On ne rappellera pas ici les divinités androgynes attestées
dans d'autres religions . Leur nombre est considérable. On les
rencontre aussi bien dans les religions complexes et évoluées
- par exemple, chez les anciens Germains, dans le Proche-Orient antique,
en Iran, dans l'Inde, en Chine, en Indonésie, etc. - que chez
les peuples de culture archaïque, en Afrique, en Amérique,
en Mélanésie, en Australie et en Polynésie . La
plupart des divinités de la fertilité sont bisexuées
ou comportent des traces d'androgynie. " Sive deus sis, sive dea
", disaient les anciens Romains des divinités agricoles
; et la formule rituelle sive mas sive femina était fréquente
dans les invocations. Dans certains cas (par exemple divinités
de la végétation et chez les Estoniens), les divinités
agricoles sont réputées mâles une année et
femelles l'année suivante . Mais voilà le plus curieux
: sont androgynes les divinités masculines ou féminines
par excellence, ce qui s'explique si l'on tient compte de cette conception
traditionnelle selon laquelle on ne peut pas être excellemment
quelque chose si l'on n'est pas simultanément la chose opposée,
ou, plus exactement, si l'on n'est beaucoup d'autres choses en même
temps.
Zervan, le dieu iranien du Temps illimité, était androgyne
- comme l'était la divinité suprême chinoise des
Ténèbres et des Lumières . Ces deux exemples nous
montrent clairement que l'androgynie était la formule par excellence
de la totalité. Car, comme nous l'avons vu, Zervan était
le père des jumeaux Ohrmazd et Ahriman, dieux du Bien et du Mal
- et les Ténèbres et les Lumières, en Chine comme
dans l'Inde, symbolisent les modalités non manifestées
et manifestées de la réalité ultime.
Des nombreuses divinités étaient appelées "
Père et Mère ". C'était à la fois une
allusion à leur plénitude ou à leur éventuelle
autogenèse, et une indication de leurs puissances créatrices.
Il est également probable qu'un certain nombre de " couples
divins " sont des élaborations tardives d'une divinité
primordiale androgyne ou la personnification de leurs. attributs.
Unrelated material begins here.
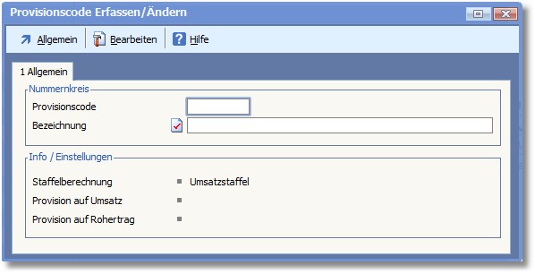 Der Dialog "Provisionscode Erfassen/Ändern" wird geöffnet.

Puisque
l'androgynie est un signe distinctif d'une totalité originaire
dans laquelle toutes les possibilités se trouvent réunies
- l'Homme primordial, l'Ancêtre mythique de l'humanité
est conçu dans de nombreuses traditions comme androgyne.
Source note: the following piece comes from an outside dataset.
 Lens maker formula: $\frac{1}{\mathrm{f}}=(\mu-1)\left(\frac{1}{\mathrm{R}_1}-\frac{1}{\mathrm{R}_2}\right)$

Nous avons rappelé plus haut l'exemple d'Adam. Tuisto, le premier
homme de la mythologie germanique, était lui aussi bisexué
; son nom est étymologiquement solidaire du vieux norvégien
tvistr (" bipartite "), du védique dvis, du latin bis,
etc. . Dans certaines traditions, l'Ancêtre mythique androgyne
a été remplacé par un couple de jumeaux, comme
dans l'Inde, Yama et sa soeur Yami, et en Iran, Yima et Yimagh.